Albert: Ok, come on, Albert. Like Grandad used to say, big breath now and dive in.
Albert: Are you ok?
Granny: Never better. But brimstone and treacle! I haven't seen weather like this since I went to Siberia on my honeymoon.
Granny: You know what? I think I'll learn to ski.
Albert: But you're 98.
Granny: Prime of life, Albert, prime of life.
Granny: Great bags of peppermint! Isn't this lovely?
Granny: Oh, don't sit around like that - it's unhealthy. Why don't you have a skiing marathon? A snowman-building competition?
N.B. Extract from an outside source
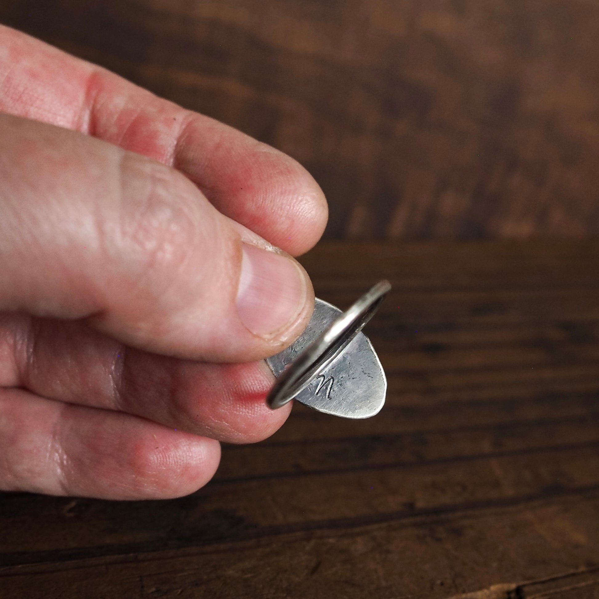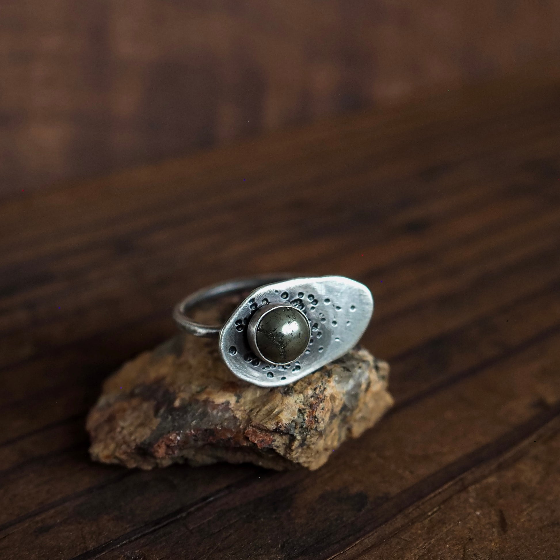 Part of the Stone Toss series, each is designed with an organic approach, down to the finish of the ring band itself. The series comes from childhood memories of the mesmerizing water ripple after tossing and skipping stones in the ocean. No ring is the same in this series, with this one featuring a ronus pyrite stone! Check the shop to see all unique pieces in this series available.

A massive marshmallow barbecue?
— All the roads are blocked, and the telephone lines are down.
— And no-one will come and dig us out because hardly anyone outside Gritshire knows where Blackbury is.
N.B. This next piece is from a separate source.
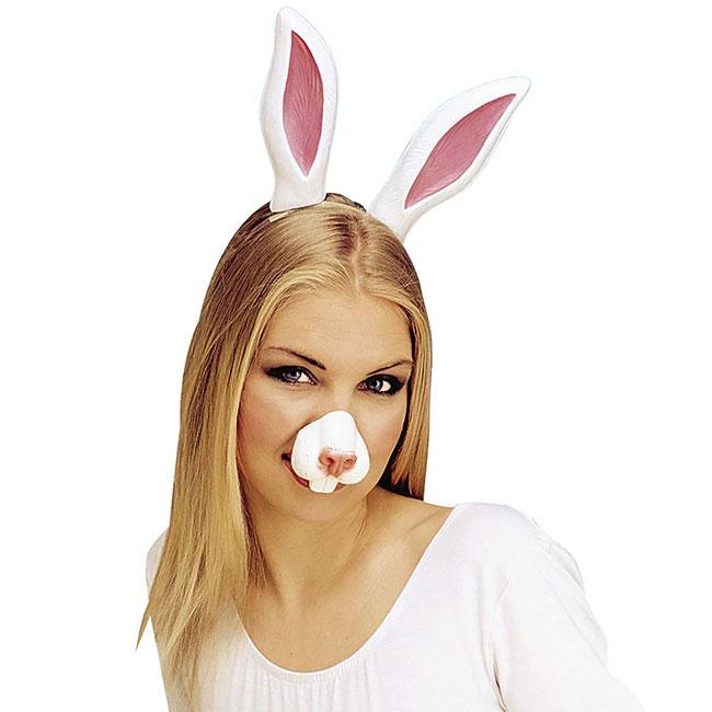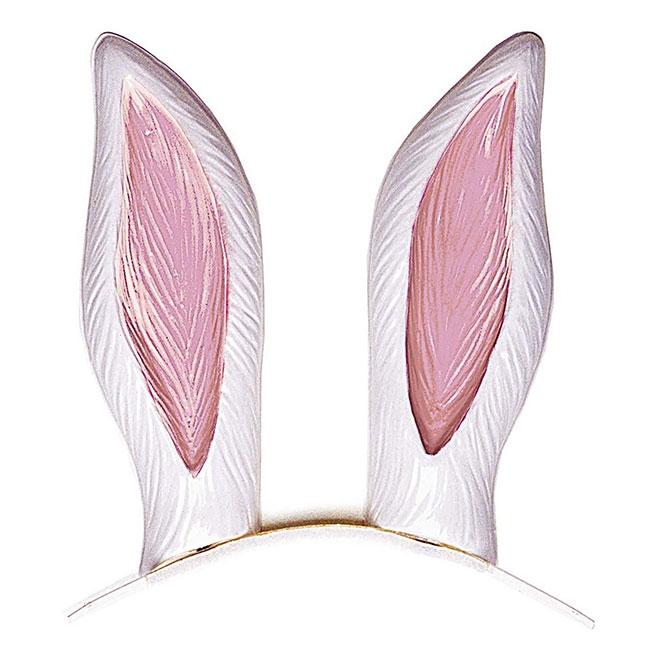 Die Hasenohren bestehen aus Kunststoff und sind weiß. Die Vorderseite der ca. 16 cm spitz zulaufenden Ohren ist rosafarben. Befestigt werden die Ohren über ein Gummiband. Die Ohren werden über einen dünnen Plastikstreifen auf dem Kopf aufliegend gehalten.

Granny: Well, we won't starve, for sure. We can always find something to nibble on. When I went to Alaska in my 20s, we ended up eating our boots. Chins up.
— She brought it on herself. That's what happens when you take a hairy stranger into your home.
— If you think I'm going up to that evil place, you've got another think to thunk.
Police Sergeant: Ok, listen up, people. Let's brace ourselves because we're off to... Even Moor.
Narrator: And so, the townspeople were happy and full of Christmas spirit. And they all agreed that they had learnt an important lesson from Granny... that an act of true kindness always pays back.
Narrator: .... And if that isn't Christmas magic, then who knows what is?